» DIRECTIONS FOR THIS TASK:
With pictures left out, set down exactly the lines from the line containing "Turquoise Blue and" through the last line of the data.

» INPUT MATERIAL:
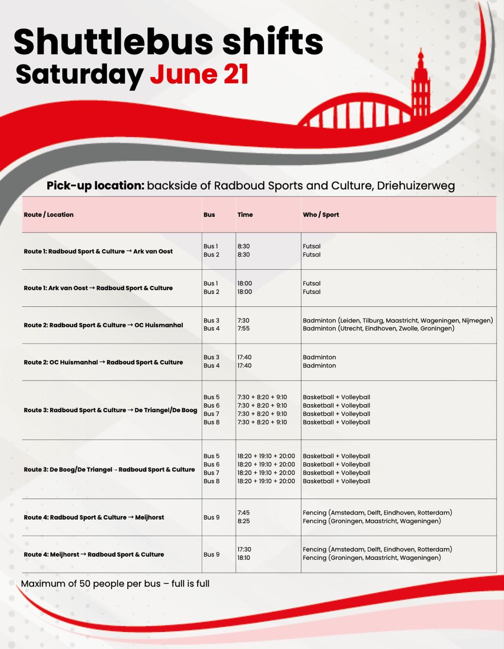 Pendelbus: De pendelbus rijdt ’s ochtends van 8:00 tot 8:40 uur naar de locatie en keert ’s middags tussen 17:00 en 17:40 uur terug naar het Radboud Sportcentrum.
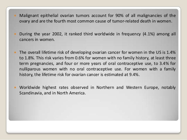 It results in abnormal cells that have the ability to invade or spread to other parts of the body. The death rate from ovarian cancer was the same in the two groups. The initial surgery for ovarian cancer also helps determine how far the cancer has spread, described by the following stages There is also some evidence that women at high risk of ovarian cancer who have regular screening are more likely to have all their cancer removed by. There is no clear evidence to suggest that ovarian cancer screening with currently available methods will result in a decrease in the number of deaths from ovarian cancer.
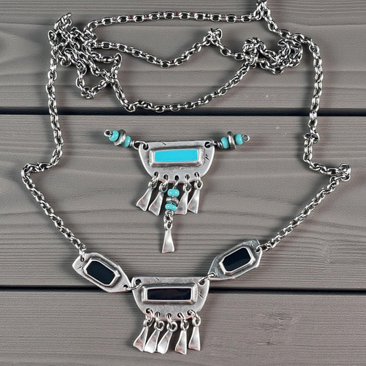 Turquoise Blue and Silver Chandelier Pendant, Antiqued Silver Plated Connector with Sky Blue Enamel Inlay (PF/15295-72-0299) * Qty. 2
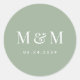 Sticker Rond Classic Sage Green Monogram Typography Wedding
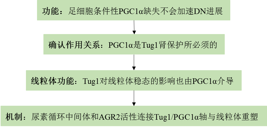 总之,这些结果表明Pgc1α是Tug1保护线粒体和减缓DN进展所必须的。
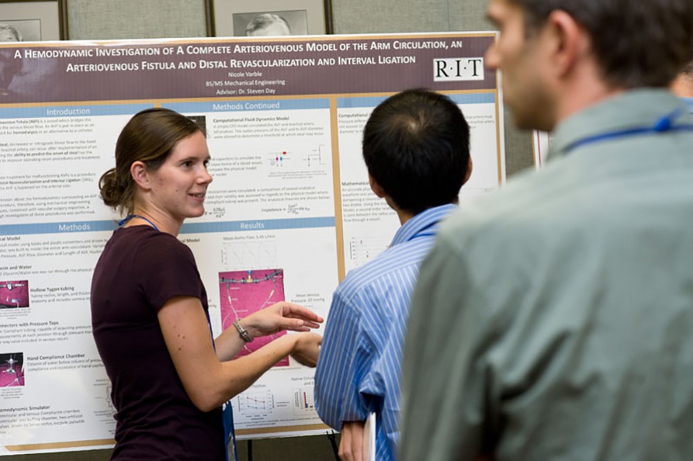 More than 100 RIT graduate students presented their research at the third annual Graduate Research Symposium on July 22. Nicole Varble, a mechanical engineering student, explained her research on methods to increase flow in a fistula used for dialysis. -

» REPLY TO THE EXERCISE:
 Turquoise Blue and Silver Chandelier Pendant, Antiqued Silver Plated Connector with Sky Blue Enamel Inlay (PF/15295-72-0299) * Qty. 2
 Sticker Rond Classic Sage Green Monogram Typography Wedding
 总之,这些结果表明Pgc1α是Tug1保护线粒体和减缓DN进展所必须的。
 More than 100 RIT graduate students presented their research at the third annual Graduate Research Symposium on July 22. Nicole Varble, a mechanical engineering student, explained her research on methods to increase flow in a fistula used for dialysis. -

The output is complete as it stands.